Transient neonatal pustular melanosis (TNPM), also known as pustular melanosis, is a transient rash common in newborns. It is vesiculopustular and made up of 1–3 mm fluid-filled lesions that rupture, leaving behind a collarette of scale and a brown macule.[3] This rash occurs only in the newborn stage, usually appearing a few days after birth[2], but is sometimes already present at birth[3]. The rash usually fades over three to four weeks  but may linger for up to three months after birth.[3] It can occur anywhere on the body, including the palms and soles.[1][2][3]

The cause of TNPM is unknown. No treatment is needed except for parental reassurance.

Causes

The cause of TNPM is unknown but it is a common rash in newborns.[3]

Histopathology

Gram, Wright, or Giemsa staining of the pustular contents will show polymorphic neutrophils and occasional eosinophils.[2][3] On histopathology, the pigmented macules will show basal and supra-basal increase in pigmentation without any pigmentary incontinence.[3] Bacterial culture will be negative.[4]

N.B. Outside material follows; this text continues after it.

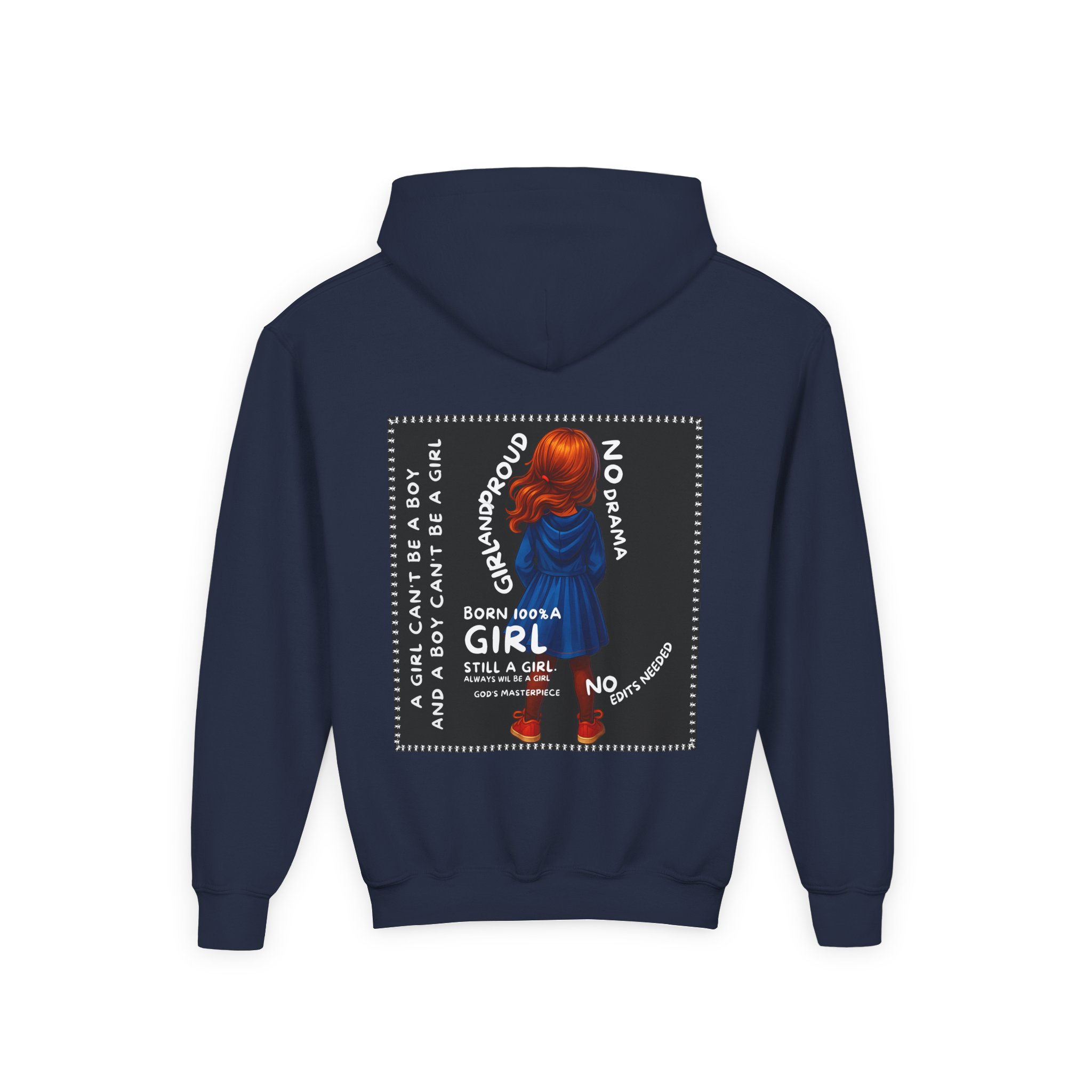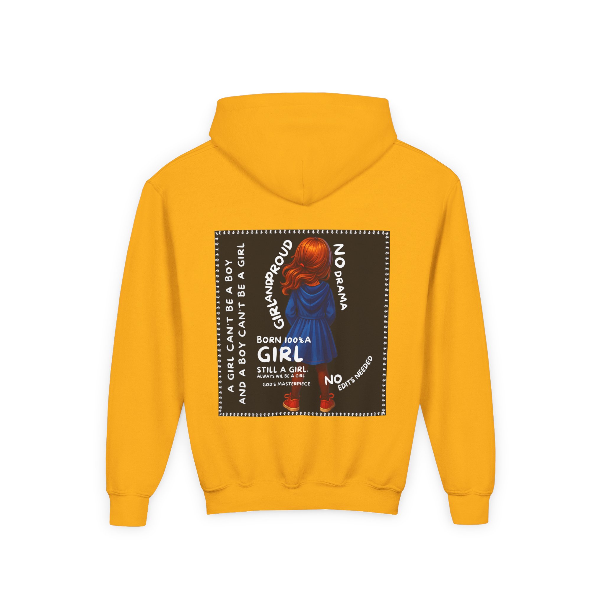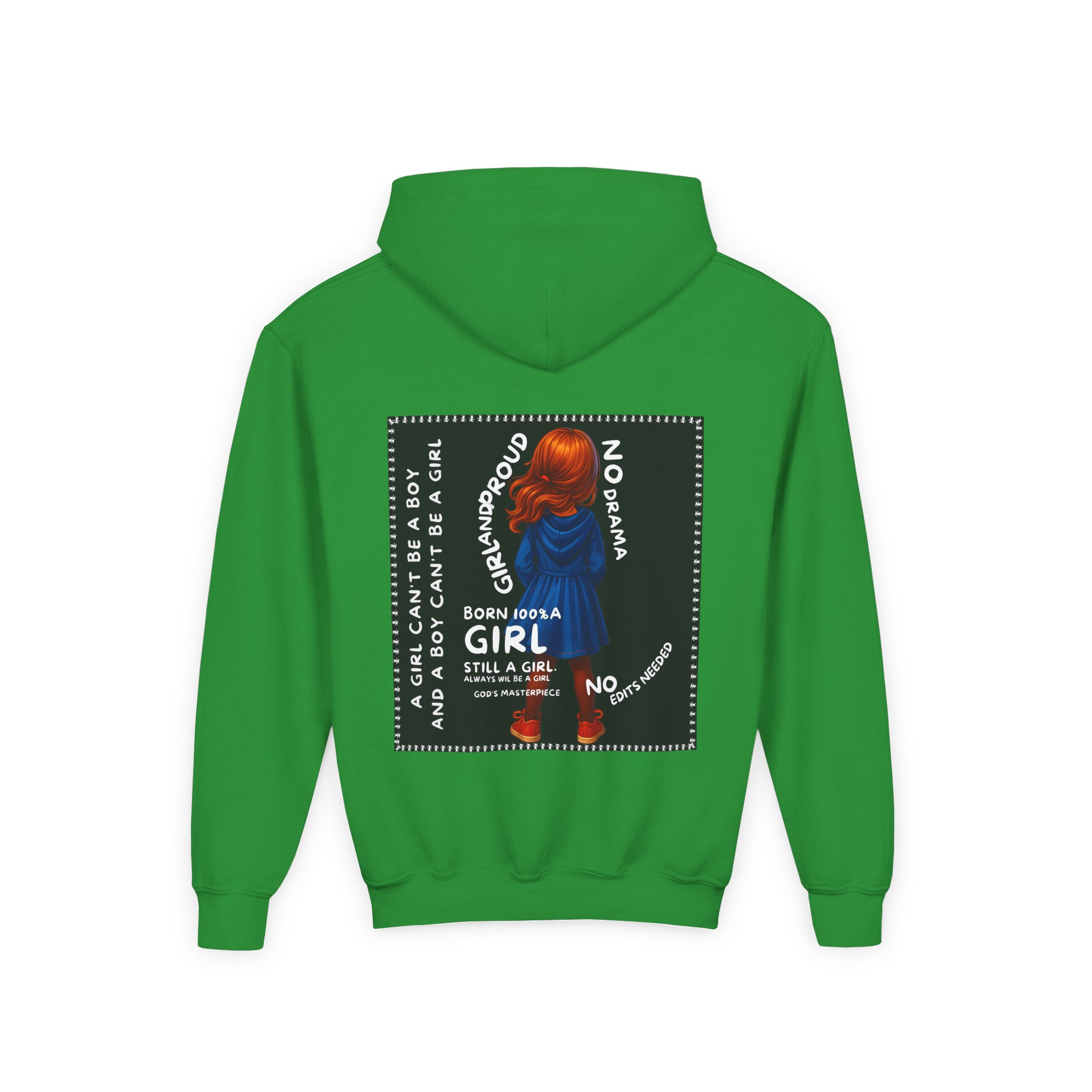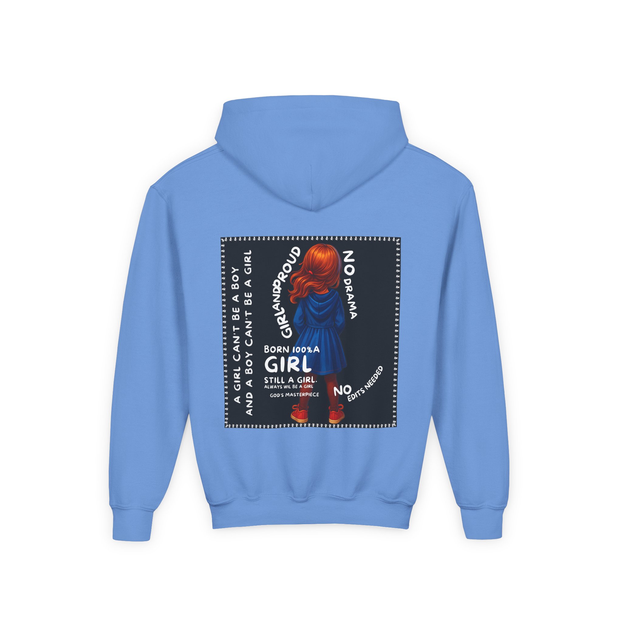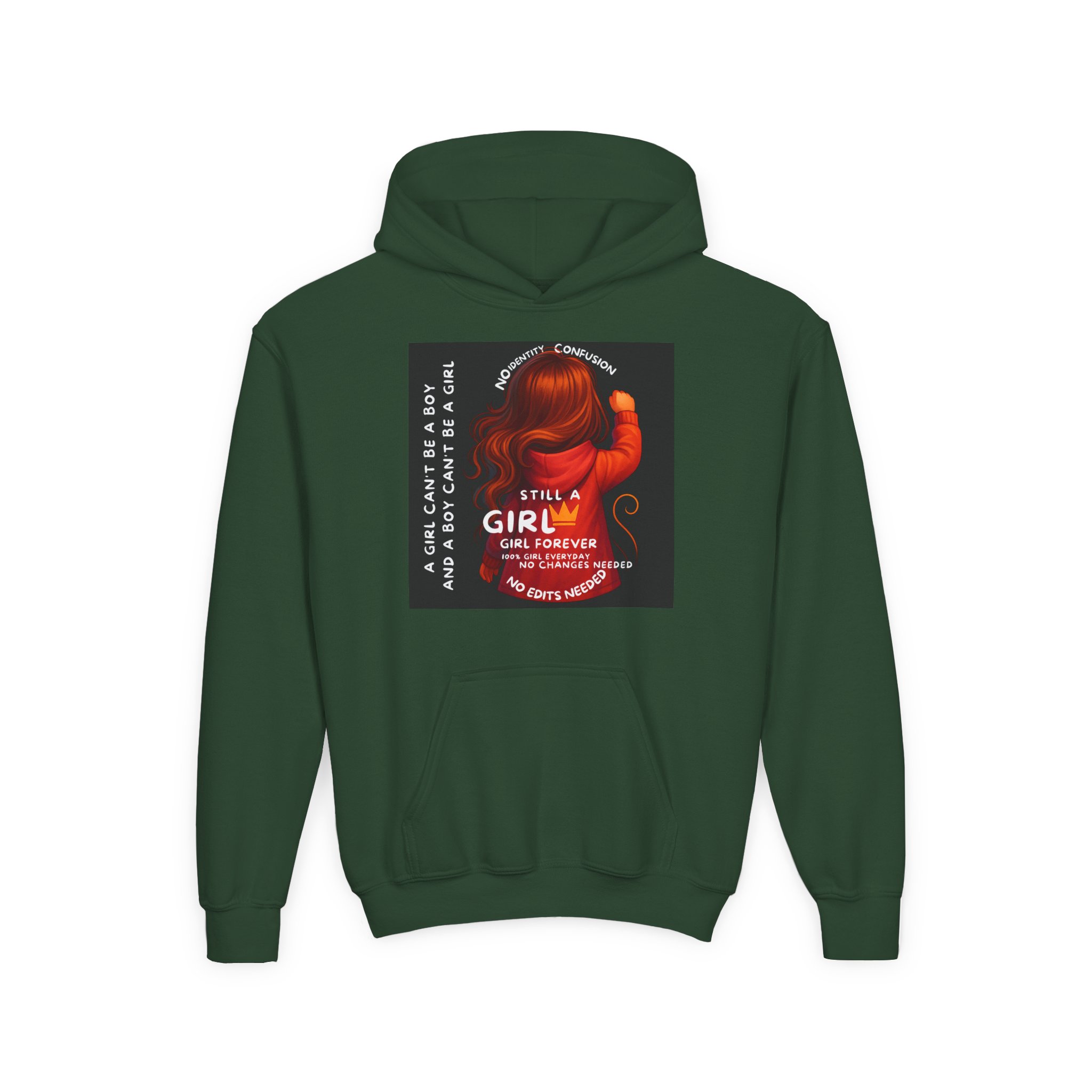 Girl Kids Hoodie – Sweatshirt, Boy is not a Girl and Girl is not a Boy design, Youth Fashion, Birthday Gift, Everyday Wear. Stay cozy and stylish with this comfortable Youth Heavy Blend Hooded Sweatshirt. Perfect for children, this hoodie features adorable designs that promote fun conversations about identity. Ideal for casual outings, school events, or simply lounging at home, it brings a cheerful vibe to any day. The spacious kangaroo pocket adds a touch of practicality, keeping little hands warm while providing a convenient space for storing small treasures. Great for birthdays, back-to-school, or any celebration where kids want to express themselves! Product features – Twill necktape for comfort and stability – Spacious kangaroo pouch pocket – Durable 50% cotton, 50% polyester blend – Embroidery option available for customization – Regular fit that runs true to size Care instructions – Machine wash: warm (max 40C or 105F) – Bleach as needed – Tumble dry: medium heat – Do not dry clean – Do not iron

It has been suggested that TNPM is merely a precocious form of erythema toxicum neonatorum based on the similar histopathology.[4]

Diagnosis

Transient neonatal pustular melanosis is diagnosed clinically, based on appearance alone, with no need for special testing.  Proper identification is important to distinguish it from other serious, infectious neonatal diseases[3] and to help avoid unnecessary diagnostic testing and treatments.

Treatment

No treatment is needed except for parental reassurance.  The rash spontaneously resolves, usually in three to four weeks,  but may linger for up to three months after birth.[3]

Epidemiology

Transient neonatal pustular melanosis occurs in as much as 15% of black newborns.[3] but in less than 1% of white newborns. [2]

See also 
 List of cutaneous conditions

References 

1.    O'Connor NR, McLaughlin, MR, Ham P (2008). "Newborn Skin: Part I. Common Newborn Rashes". American Family Physician. 77 (1): 47–52.

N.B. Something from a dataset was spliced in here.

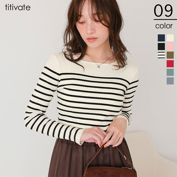 ・太めのリブ編み柄が特徴のボートネックリブ編みニット。・首元は女性らしいボートネックデザイン。・着回ししやすく1枚持っていると便利。・肌触りの良い素材感です。[型番:ACXP3872]■カラー:9色展開【S】着丈:56、肩幅:32、袖丈:57、アームホール:35、バスト:72、裾幅:36【M】着丈:58、肩幅:34、袖丈:58、アームホール:37、バスト:76、裾幅:38※( )で表記されている数字はヌードサイズです。ヌードサイズとは衣服を身につけない身体のサイズです。お客様ご自身の身体サイズと比較してお選びください。 ■素材: レーヨン 49%ポリエステル 28%ナイロン 23% ■お手入: >>商品のお取り扱い方法 ■原産国: 中国ボートネックリブ編みニット/ティティベイト(titivate)アイボリーブルーグリーンピンクブラックグレーオフホワイト/ブラックネイビーオリーブレッド画面上と実物では、多少色具合が異なって見える場合がございます。

2.    Patrizi A, Neri I, Virid A, Gurioli C.(2016). "Frequent newborn skin diseases". Clinical Dermatology. 4 (3-4): 82–86. doi: 10.11138/cderm/2016.4.3.082.

3.    Ghosh S. (2015). "Neonatal Pustular Dermatosis: An Overview". Indian Journal of Dermatology. 60 (2): 211. doi: 10.4103/0019-5154.152558

4.    Ferrándiz C, Coroleu W, Ribera M, Lorenzo JC, Natal A (1992). "Sterile transient neonatal pustulosis is a precocious form of erythema toxicum neonatorum". Dermatology. 185:18–22.

5.    Mebazaa A, Khaddar-Kort R, Cherif M, Mokni S, Haouet A, Osman B (2011). "Transient pustular eruption in neonates". Archives de Pediatrie. 18 (3) 291–293.